We finally decided to go for solution #3: leverage the use of other open source solutions and develop a tool that could equally be used by highly literate developers and lecturers with minimal GitHub knowledge.
Time and expertise required
Assuming that the researcher is familiar with the Jupyter notebook and
with GitHub, installing the Python package is as simple as doing pip
install nbjekyll
and the template can be readily forked or imported
from GitHub
()https://github.com/trallard/Modules-template). Once
this is done the publishing part should take only a few minutes. The
notebooks can then be added or modified as nbjekyll
will take care
of the testing, converting and appropriate formatting of the books
inside the repository.
A detailed guide on how to get started and how to convert the notebooks into Jekyll ready documents can be found on the Modules template documentation website: http://bitsandchips.me/Modules-template-docs/
The template enables the use of more advanced features such as embedding of reveal.js slides and linking to Microsoft Azure notebooks. All of which are also detailed in http://bitsandchips.me/Modules-template-docs/advanced
The implementation: technical bits
Thanks to nbformat
it is possible to convert the notebooks into
other formats, such as .pdf, .tex, .py, .html, .md and even reveal.js
slides. On the other hand, it is possible to now perform regression
tests on the notebooks thanks to the ODK developed tool
nbval, and finally,
GitHub supports and serves static websites generated using Jekyll.
Thus we worked on developing a readily usable Jekyll template
specifically designed for university course modules and with Jupyter
notebooks as the main source of content.
It would then be possible to convert the notebooks to .md
or .html
and then add the .yaml
header needed by Jekyll to render it within
the posts. In order to remove the manual burden we developed a python
package nbjekyll that uses
nbformat to convert the notebook to a Jekyll post. By calling
nbjekyll within the filesystem containing a Jekyll blog it will find
the notebooks and convert them into Jekyll ready .md files with the
appropriate front-matter needed, export the images (if any) within the
notebook and correctly update the paths in the .md files so that they
point to the images in the site.
In addition, when doing the conversion, nbjekyll
uses nbval under
the hood to perform a sanity check on the notebook. By doing so a
badge is added to indicate if the tests on the notebook were
successful of if there were any problems encountered during the
testing phase.
Finally, as the whole site is intended to be used in conjunction with GitHub (or GitLab) the package leverages the use of version control to identify the last commit, the author and the date of the last commit and this information is added to the top of the yaml header so that it is rendered as shown in the image.

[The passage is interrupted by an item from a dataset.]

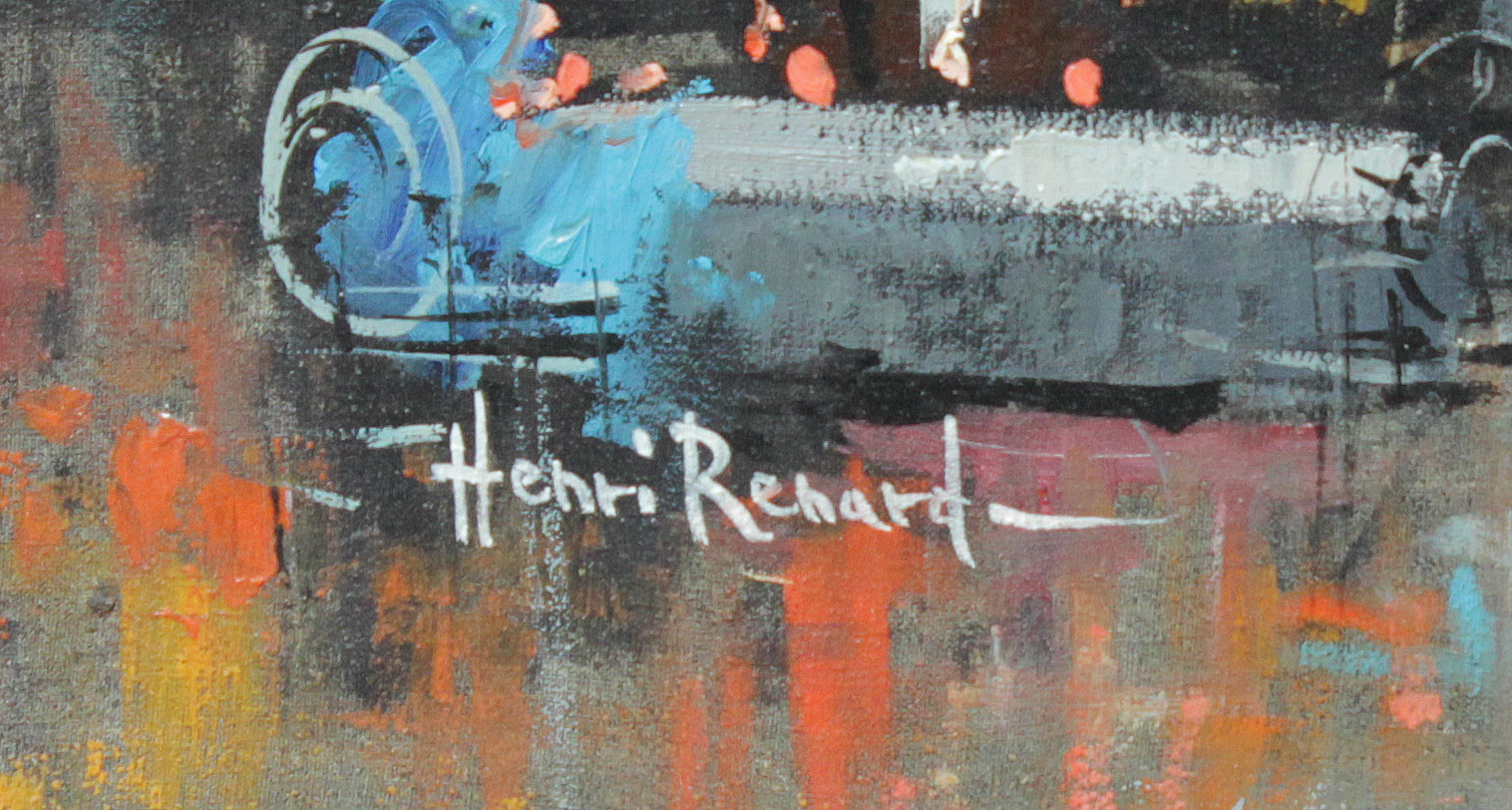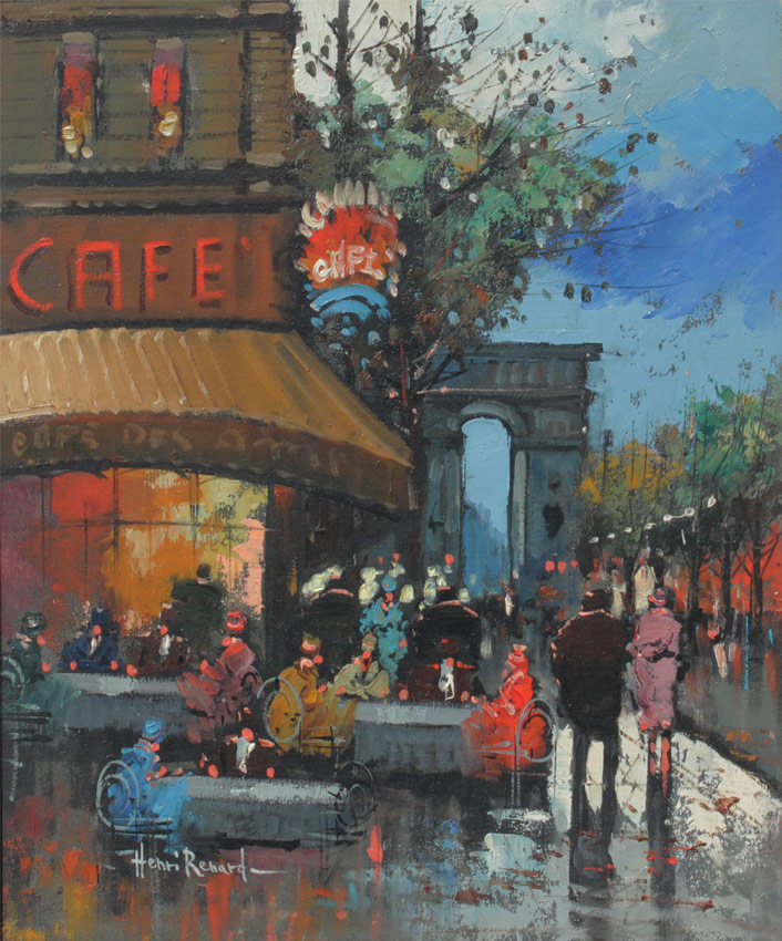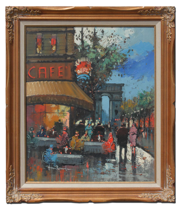 RENARD, Henri, (French, 19th/20th Century): Parisian Cafe Street Scene, Oil/Canvas, 24'' x 20'', signed lower left, encased in period carved and gilded frame 30'' x 26''.
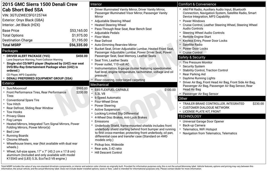 Vehicle Sold As-Is, Without any warranty, will not fully pass our standard inspection, A copy of the vehicle inspection is available upon request- Remote Start- Trailer Brake Controller, Integrated- Driver Alert Package- Preferred Equipment Group 5SA- Trailering EquipmentVehicle DetailedThis 2015 GMC Sierra 1500 Denali is a powerful and well-equipped full-size pickup that's ready to take on your toughest tasks. Under the hood, you'll find a robust EcoTec3 5.3L V8 engine paired with a smooth-shifting 6-speed automatic transmission, providing the perfect balance of performance and efficiency. With its four-wheel-drive capabilities, this Sierra is ready to conquer any terrain, whether you're hauling heavy loads or exploring the great outdoors.The exterior of this Sierra Denali exudes a commanding presence, thanks to its bold black finish and chrome accents. The 20-inch chrome wheels and body-color front bumper add a touch of style and sophistication. Inside, the cabin is outfitted with premium features, including a Bose sound system, SiriusXM satellite radio, and a large 8-inch touchscreen navigation system. The heated and cooled front bucket seats, along with the dual-zone automatic climate control, ensure exceptional comfort for both the driver and passengers.Safety is also a top priority, with features like lane departure warning, forward collision alert, and a rear vision camera to help you navigate with confidence. The integrated trailer brake controller and trailering equipment make this Sierra Denali an excellent choice for those who need to tow heavy loads.Whether you're looking for a capable work truck or a versatile daily driver, this 2015 GMC Sierra 1500 Denali is sure to impress. With its impressive combination of power, technology, and premium amenities, it's the perfect blend of utility and luxury.With Vaughn Best Deal Pricing, there is no arguing just a great deal. We make buying a vehicle fast, easy, and fun.Online price excludes $25 title fee, $15 electronic processing fee, $10 lien fee (if applicable), and a $180 Vaughn processing fee. Iowa buyers will pay Iowa use tax and license at delivery. Out-of-state buyers will pay their local tax, license, and applicable fees at delivery, plus a $165 out-of-state registration service fee. Vehicles are not available for sale to licensed dealers or vehicle resellers.Drive to Ottumwa and discover why customers have trusted our family since 1934.

Finally, if the notebooks are hosted in Microsoft Azure, the author
can indicate this in the _config.yml
file and a cloud button will be
added to the site so that the repository is imported as an Azure
library and the notebooks can be accessed directly from the course
site. This gives the advantage that the students can then clone the
library for the course to their own Azure account and can start
working on the notebooks without the need to install any packages
locally.
To Do
- Support for the user to use binder shall the materials not be deposited in a Microsoft Azure library
- Jupyter Notebook extension to directly convert the notebook from the Jupyter server instead of the command line
OpenDreamKit contribution
- Development of the Modules-template for Jekyll
- Support to ongoing courses at the University of Sheffield and case study on the technology
- Creation of nbjekyll (available from PyPI)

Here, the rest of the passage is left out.